I asked a question of the economist and the policy expert:
Can you comment, from an economic and also a policy standpoint, what the impact of the systemic abuse of public copyrighted data by the AI industry might be?
The policy guy gave an excellent overview of the copyright problem, but said that AI is too important for this to be a barrier.
The economist actually pushed back a bit - saying that the sanctity of private property is a cornerstone of capitalism but concluded that "clarity" was needed.
My takeaway is that the fix is in: the commons of copyright information will be sacrificed for the enclosures (model training) underpinning AI.
It’s interesting that OpenAI has started buying licences. That sets the expectation that they know they need a licence. Any and all content for which they don’t have a licence must therefore be excluded from the training set as per their own understanding of the law.
This puts everyone with a website or YouTube channel in a very good position when the class action starts.
That's like saying "if Computers are the latest be-all-to-end-all to do office work, how did all those big companies work without computers?"
Just because something has not been used before it doesn't mean it cannot make work faster and better. But that doesn't mean it is going to do so.

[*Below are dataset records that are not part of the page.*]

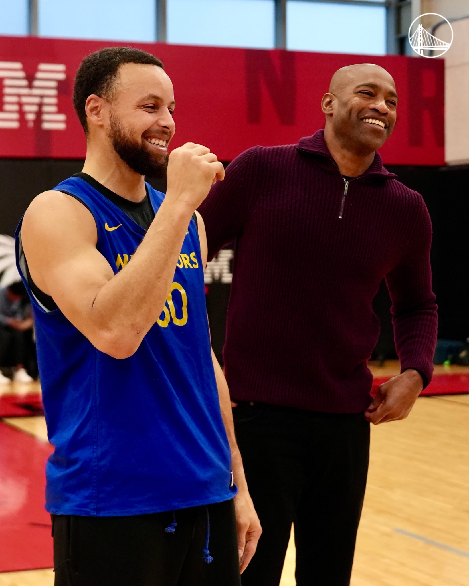 賽前,多倫多庫勇士社媒曬出斯蒂芬-庫里與前NBA球員文斯-卡特會面的卡特瞬間。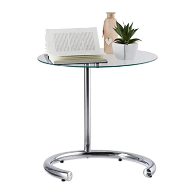 AmazonOn-hand: Thanks to this side table, you have smartphone, snacks and laptops in close reach Versatile: Coffee and tea table for your balcony - Living room side table - Modern nightstand Height-adjustable: Decide the optimal height for yourself - App. app. 45 cm to 70 cm tall Timeless design: The tabletop is made of clear tempered glass and perfectly matches the chromed steel Handy: Slide the table underneath your couch to directly use it while relaxing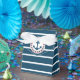 Nautical design with anchor decoration in round shape on blue and white striped background

So far AI has minimum benefits, gives a lor of answers and results that are plain wrong and or false and costs Trillions of dollars so it is not worth it.
They worked in an almost identical way, assigning statistical significance weightings to things and using vector maths to find stuff.
Fun fact, Google were also sued for copyright and lost, it's why they no longer put all the content on their page, robbing others of ad revenue. They now use sources like wikipedia directly, and pay for the privelege.
I don't understand why it is necessary for the individual cases to play out and maybe get appealed to the Supreme Court rather than the Supreme Court declaring the 30-odd cases to be a federal class action between multiple claimants and defendants, and render a preemptive ruling on this vital matter before any more billions are spent building out "Generative AI" (*cough* Bullshit!) projects and data centers.